Entries provided ::
>>>>>

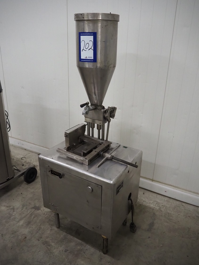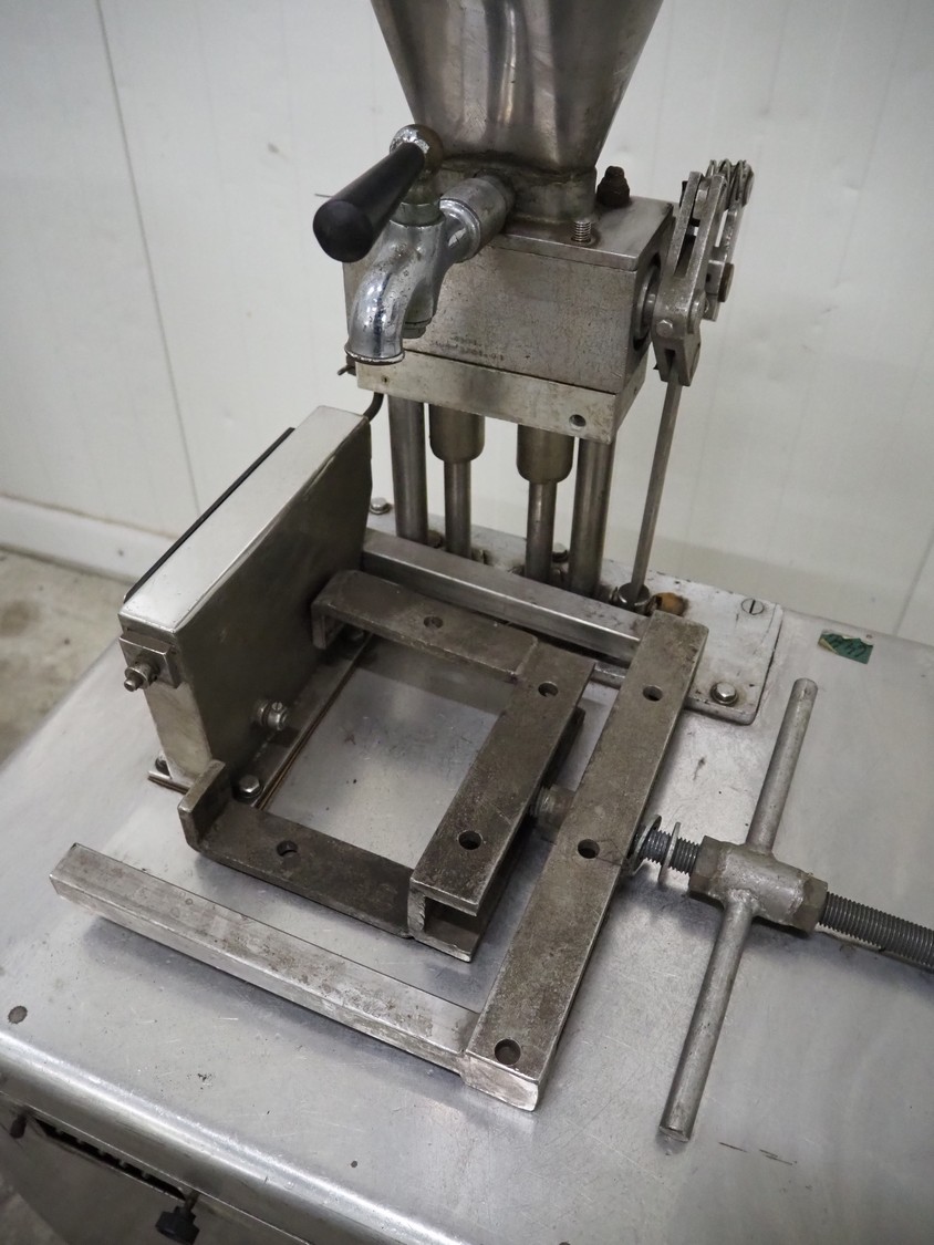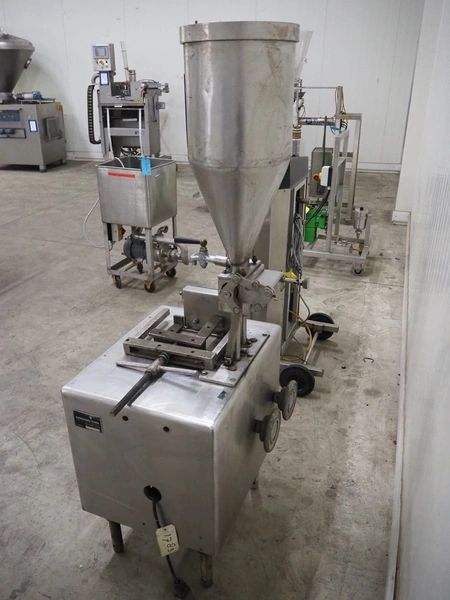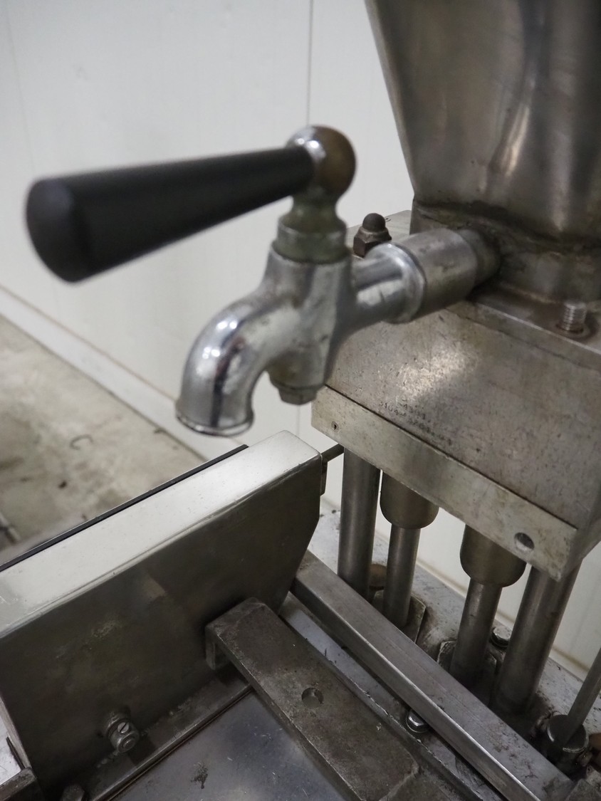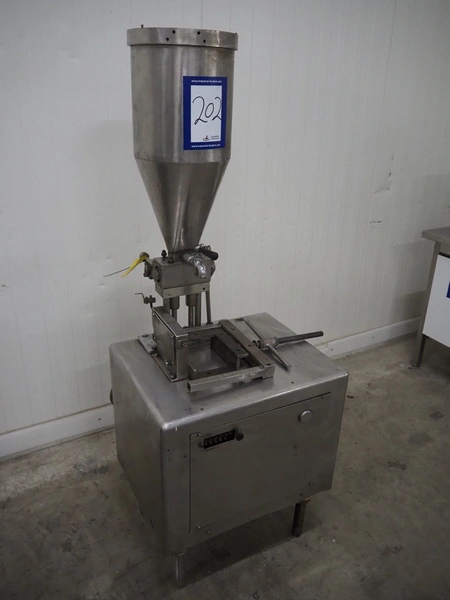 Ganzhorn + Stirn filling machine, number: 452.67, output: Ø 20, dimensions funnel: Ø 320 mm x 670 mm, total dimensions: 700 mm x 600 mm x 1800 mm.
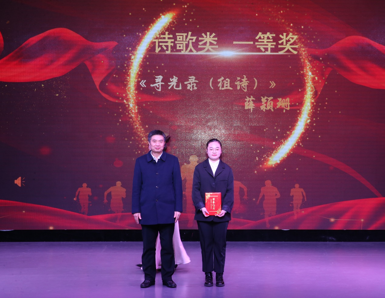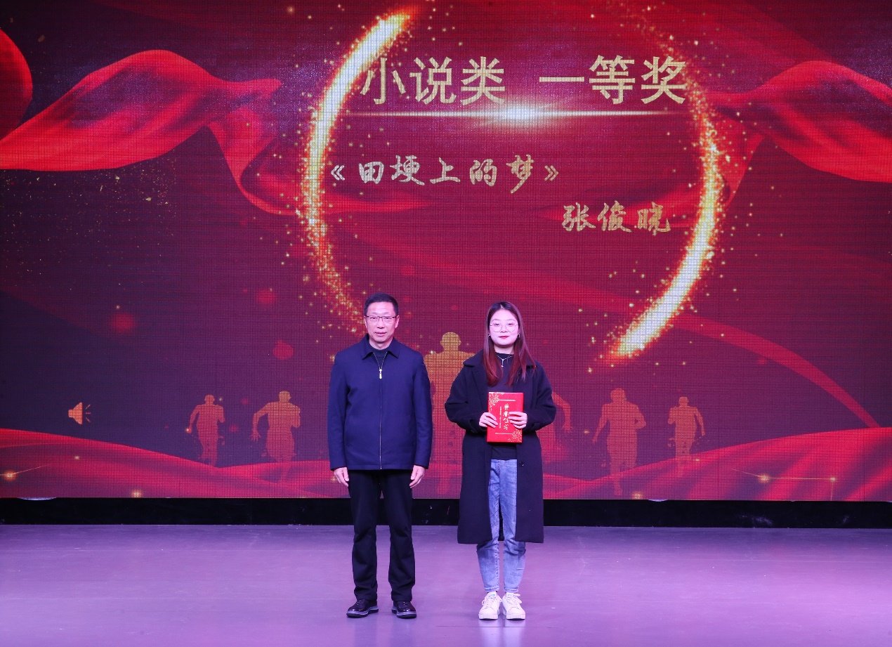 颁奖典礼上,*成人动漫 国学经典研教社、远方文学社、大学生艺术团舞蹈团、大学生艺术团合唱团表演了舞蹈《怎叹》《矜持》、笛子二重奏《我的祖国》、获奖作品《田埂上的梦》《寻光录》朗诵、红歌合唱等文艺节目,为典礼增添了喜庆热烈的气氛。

<<<<<
>>>>>

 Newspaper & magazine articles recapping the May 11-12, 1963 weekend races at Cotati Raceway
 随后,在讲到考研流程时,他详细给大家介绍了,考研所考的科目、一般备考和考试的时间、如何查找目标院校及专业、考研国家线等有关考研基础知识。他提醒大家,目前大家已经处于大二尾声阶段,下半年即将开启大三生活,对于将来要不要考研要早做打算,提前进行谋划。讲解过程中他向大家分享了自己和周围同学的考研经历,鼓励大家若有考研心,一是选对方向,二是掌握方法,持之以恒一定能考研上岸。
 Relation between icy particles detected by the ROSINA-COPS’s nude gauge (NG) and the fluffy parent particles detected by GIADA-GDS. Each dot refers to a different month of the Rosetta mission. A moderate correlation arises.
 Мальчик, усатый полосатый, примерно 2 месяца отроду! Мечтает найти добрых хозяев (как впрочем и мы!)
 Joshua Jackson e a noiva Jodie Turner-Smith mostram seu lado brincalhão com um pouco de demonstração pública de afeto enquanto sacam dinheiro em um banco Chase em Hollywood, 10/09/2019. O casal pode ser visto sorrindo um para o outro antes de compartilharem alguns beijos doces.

<<<<<

What is expected ::
What you return must match, character for character, the lines above from the one with "Ganzhorn + Stirn" through the one with "颁奖典礼上,*成人动漫 国学", minus any pictures.

Result for this task ::
 Ganzhorn + Stirn filling machine, number: 452.67, output: Ø 20, dimensions funnel: Ø 320 mm x 670 mm, total dimensions: 700 mm x 600 mm x 1800 mm.
 颁奖典礼上,*成人动漫 国学经典研教社、远方文学社、大学生艺术团舞蹈团、大学生艺术团合唱团表演了舞蹈《怎叹》《矜持》、笛子二重奏《我的祖国》、获奖作品《田埂上的梦》《寻光录》朗诵、红歌合唱等文艺节目,为典礼增添了喜庆热烈的气氛。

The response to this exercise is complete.